From the line holding "除了校区为方便新生报到而准备" through the line holding "Chrome Art Deco" below, write out every line exactly; include both of those lines and drop the pictures.

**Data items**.

+ + + + + + +

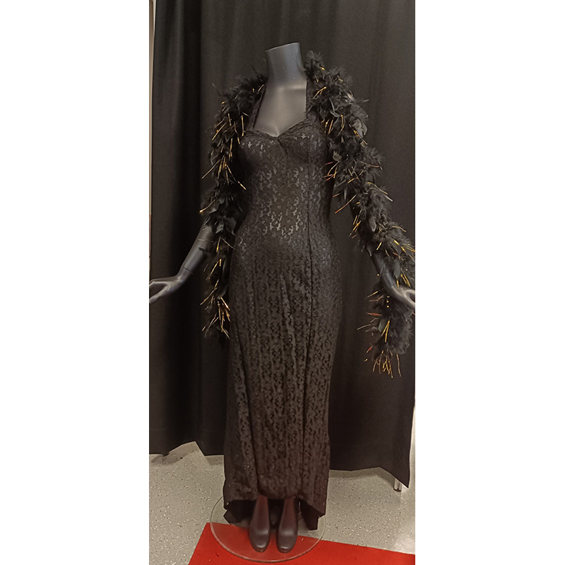 Club Burlesque kauniisti laskeutuva musta pitsimekko, takaa hieman pidempi malli. Koko M.
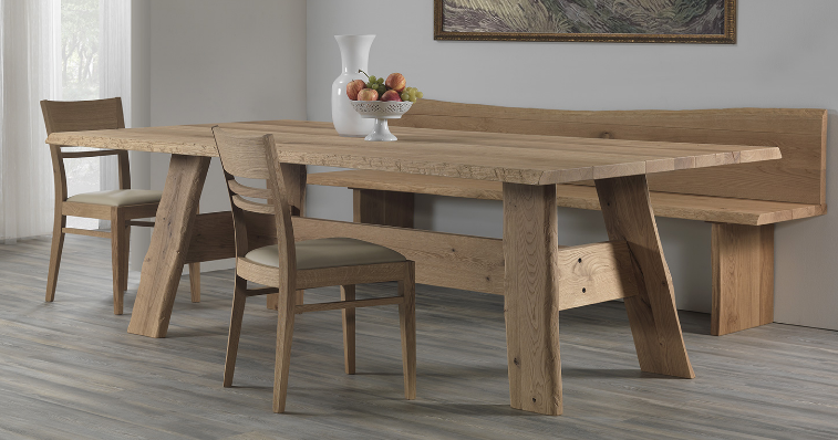 Tavolo massiccio con tavole separate e scoretcciate, fisso.
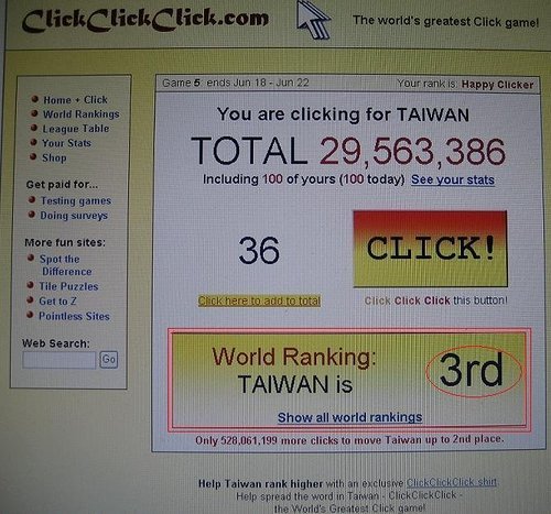 這兩天在twitter上面,除了『星光效應』被討論得火熱之外,好友們又找到了一個號稱“雖然覺得無聊卻又忍不住想去參一腳的遊戲 -- Clickclickclick”, skyvee的形容非常貼切,Clickclickclick真的是那種你不玩還好,但是看過網頁之後,會勾起你『想贏』的鬥志,點個不停。
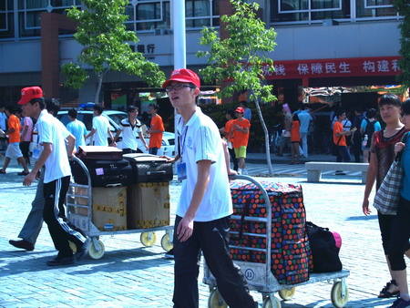 除了校区为方便新生报到而准备的新生报到专车专船外,为方便新生搬运行李,学院还特别准备了托运行李的拖车,以方便同学入住。在学院领导的指导下,迎新工作圆满完成。09级会计专业 黄�岳
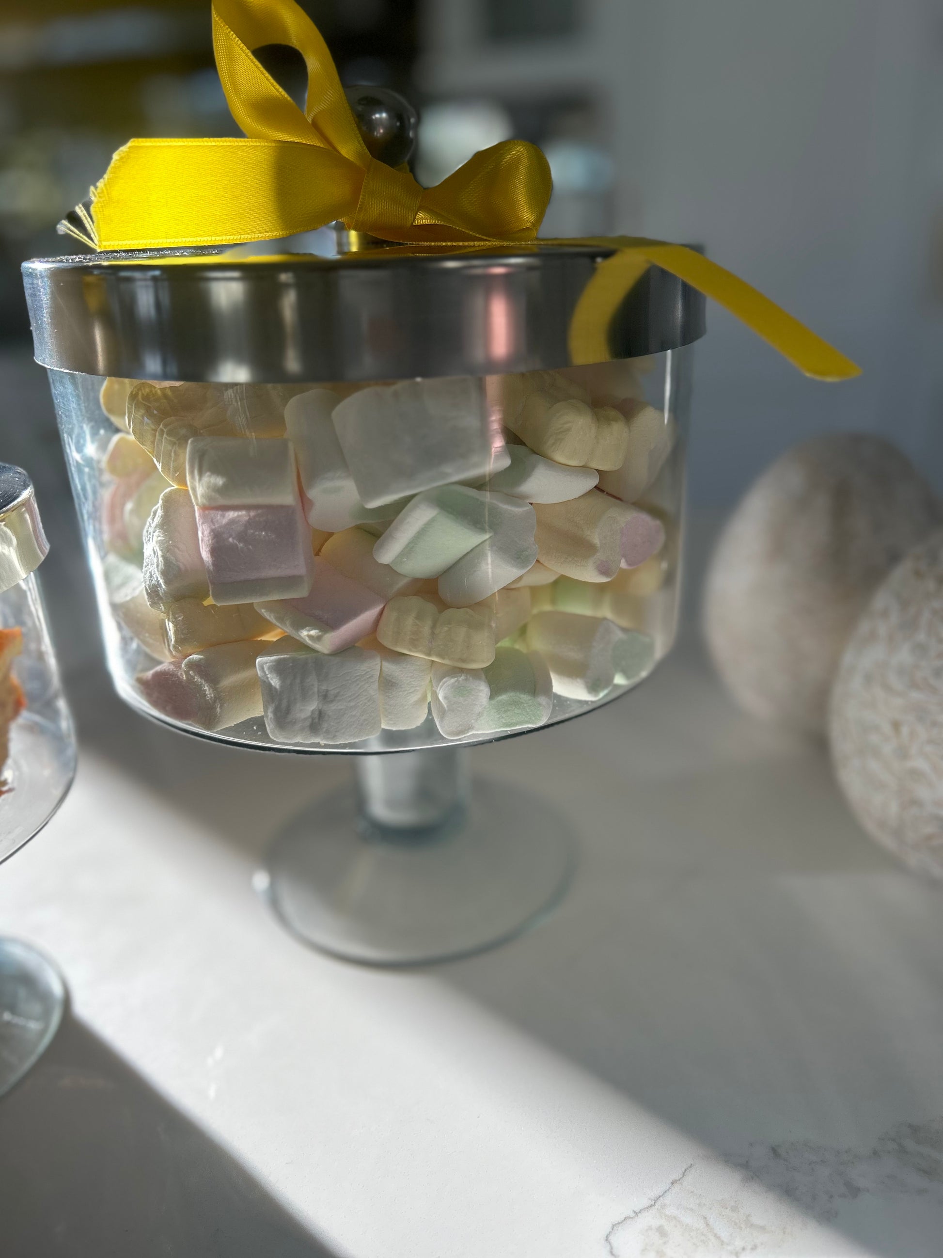 Vackert handgjorda kakburkar av glas med aluminium lock. Passar perfekt i köket.
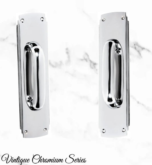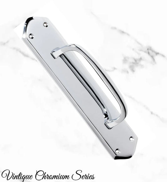 Chrome Art Deco Pull handle w/backplate 240x60mm
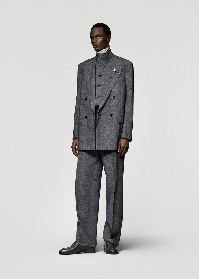 This product should be handled with care. We suggest never wearing the product two days in a row, so that the fibres regain their natural structure and texture. Check the label for washing and ironing instructions. Use a professional cleaning service, particularly if your product includes delicate details. Fold carefully and store with Loro Piana cedar balls/moth repellent in a dry place away from heat and light sources.
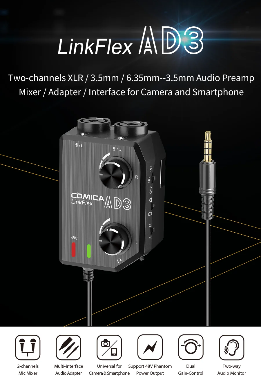 Commutateur mono et stéréo + Interrupteur d'alimentation fantôme 48 V. AD3 équipé d'une entrée XLR, d'une entrée instrument de 6,35 mm et d'une entrée jack de 3,5 mm, peut être utilisé avec un microphone professionnel ou des instruments de guitare, et se connecter à votre iPhone, iPad/PC, appareils photo avec le câble de sortie de 3,5 mm. Maintenant, vous pouvez commencer à enregistrer un son impressionnant. Deux entrées jack 3,5 mm. Fournit une alimentation fantôme de 48 V pour le microphone et comprend une sortie casque de 3,5 mm pour une surveillance en temps réel du son enregistré sur le téléphone et le microphone. Mezclador de interfaz Audio Comica Linkflex Ad3 Dual Smartphones Cor Preto Commutateur mono et stéréo : l'amplificateur de micro dispose de commutateurs audio mono ou stéréo. Deux entrées de guitare de 6,35 mm. COMICA AD3 est le meilleur assistant pour l'enregistrement vidéo Le mixeur audio LINKFLEX. Préampli Pour Smartphone Reflex COMICA Préampli De Microphone LINKFLEX.AD2 XLR / 6.35mm, Avec Alimentation Fantôme 48V, Moniteur Mixeur Pour Smartphone Appareil Photo Nicaa Adaptateur audio V2 XLR feelle vers TRS et TRRS 3,5 avec alientation fantôe pour... Remarque : pour iPhone 7 ou supérieur, vous devez utiliser l'adaptateur Lightning d'origine de l'iPhone. Plage de gain : augmentation maximale + 20 dB. Réponse en fréquence : 20 Hz à 20 kHz (+/- 1 dB)., THD + bruit : Sortie d'alimentation fantôme + 48 V : avec l'alimentation fantôme 48 V en option (fournie par une batterie de 9 V), cette table de mixage audio reflex numérique vous permet de connecter un micro dynamique ou un micro à condensateur à votre appareil. Adaptador De Audio Comica Linkflex Ad2 Preamplificador 48 V | Envío gratis 1 manuel d'utilisation (français non garanti). Caractéristiques principales : 2 canaux indépendants. Deux entrées micro XLR. Alimenté par une pile 9 V.
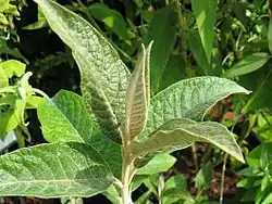 Buddleja megalocephala is a dioecious tree 5 – 15 m high with a trunk < 65 cm in diameter at the base, with brown fissured bark. The young branches are thick, quadrangular and densely tomentose, bearing lanceolate or elliptic-oblong leaves 7 – 20 cm long by 2 – 6 cm wide on 1 – 2 cm petioles, subcoriaceous, glabrescent above, tomentose below. The inflorescence measures 6 – 20 cm by 8 – 10 cm, comprising globose heads in racemes, occasionally with two orders of branches; the heads 1.2 – 2 cm in diameter, each with 40 – 50 orange flowers; the corollas 4 – 5 mm long. Ploidy: 2n = 76.[1]
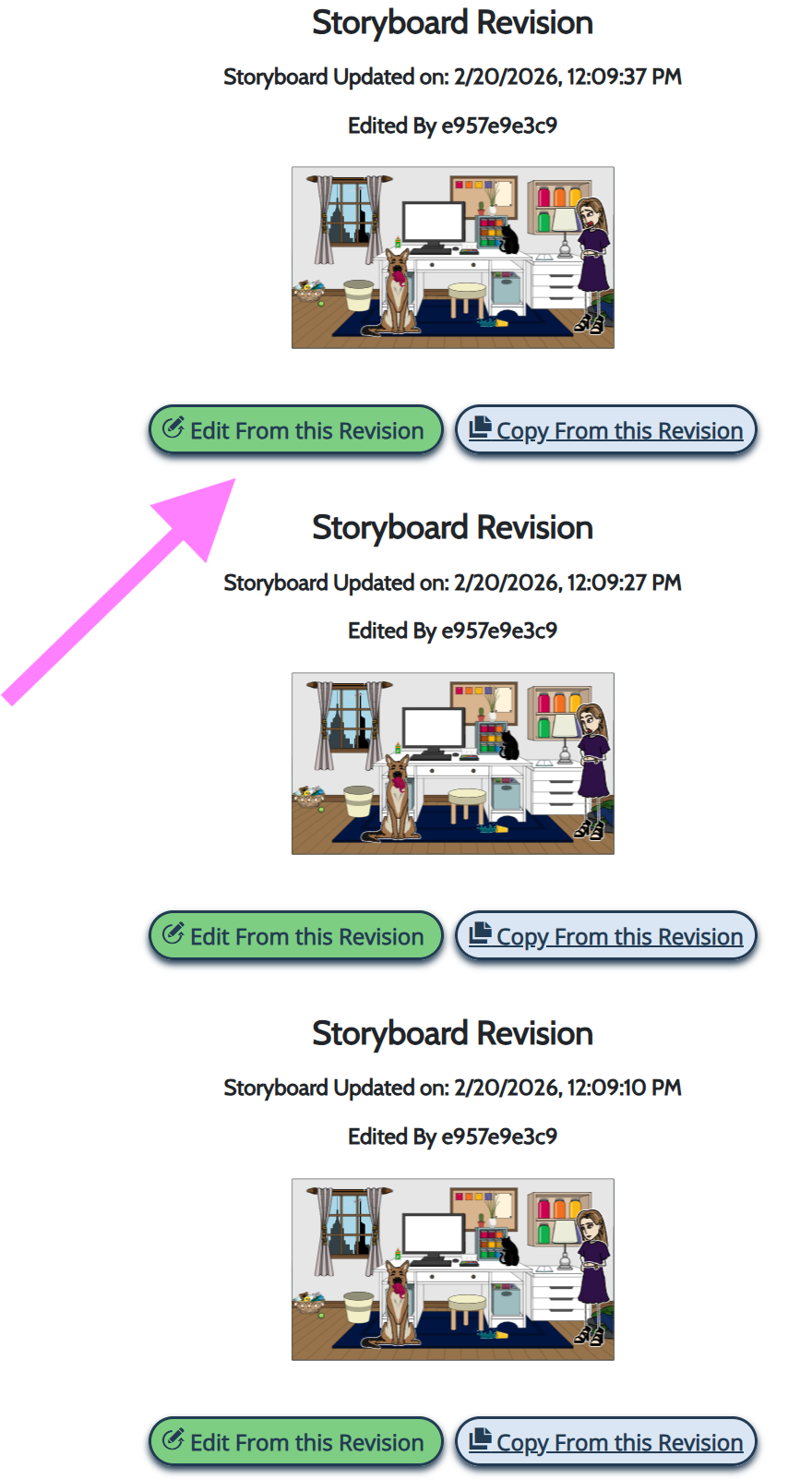 - Now you can see all of the previous versions of your storyboard!
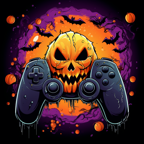 a Halloween game controller with a mouth, splats, cartoon vector 4k
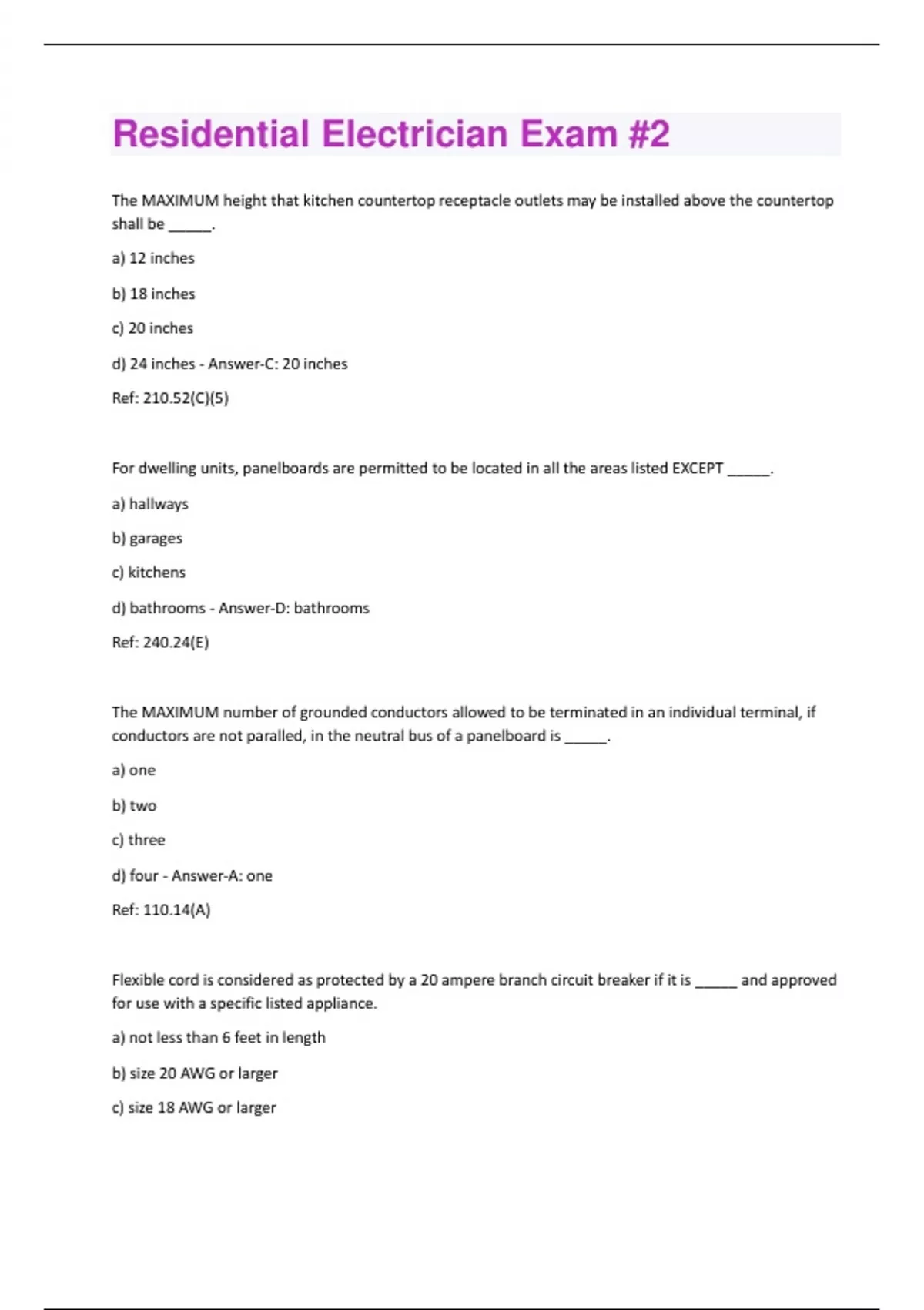 The MAXIMUM height that kitchen countertop receptacle outlets may be installed above the countertop shall be _____. a) 12 inches b) 18 inches c) 20 inches d) 24 inches - Answer-C: 20 inches Ref: 210.52(C)(5) For dwelling units, panelboards are permitted to be located in all the areas listed EXCEPT _____. a) hallways b) garages c) kitchens d) bathrooms - Answer-D: bathrooms Ref: 240.24(E) The MAXIMUM number of grounded conductors allowed to be terminated in an individual terminal, if conductors are not paralled, in the neutral bus of a panelboard is _____. a) one b) two c) three d) four - Answer-A: one Ref: 110.14(A) Flexible cord is considered as protected by a 20 ampere branch circuit breaker if it is _____ and approved for use with a specific listed appliance. a) not less than 6 feet in length b) size 20 AWG or larger c) size 18 AWG or largerd) size 16 AWG or larger - Answer-C: size 18 AWG or larger Ref: 240.5(B)(2) A 120-volt receptacle is installed on a dwelling unit kitchen island countertop that is 8 feet from the kitchen sink. Which one of the following statements, if any, is correct? a) GFCI protection is not required because the receptacle is not within 6 feet of the sink. b) GFCI protection is required for all countertop kitchen receptacles. c) GFCI protection is not required on receptacles installed on kitchen islands. d) None of the above is correct. - Answer-B: GFCI protection is required for all countertop kitchen receptacles. Ref: 210.8(A)(6) Where a mobile home has the main service disconnecting means installed outdoors, the disconnecting means shall be installed, so the bottom of the enclosure is NOT less than _____ above finished grade. a) 1 foot b) 2 feet c) 3 feet d) 4 feet - Answer-B: 2 feet Ref: 550.32(F)

+ + + + + + +

**Answer**.
 除了校区为方便新生报到而准备的新生报到专车专船外,为方便新生搬运行李,学院还特别准备了托运行李的拖车,以方便同学入住。在学院领导的指导下,迎新工作圆满完成。09级会计专业 黄�岳
 Vackert handgjorda kakburkar av glas med aluminium lock. Passar perfekt i köket.
 Chrome Art Deco Pull handle w/backplate 240x60mm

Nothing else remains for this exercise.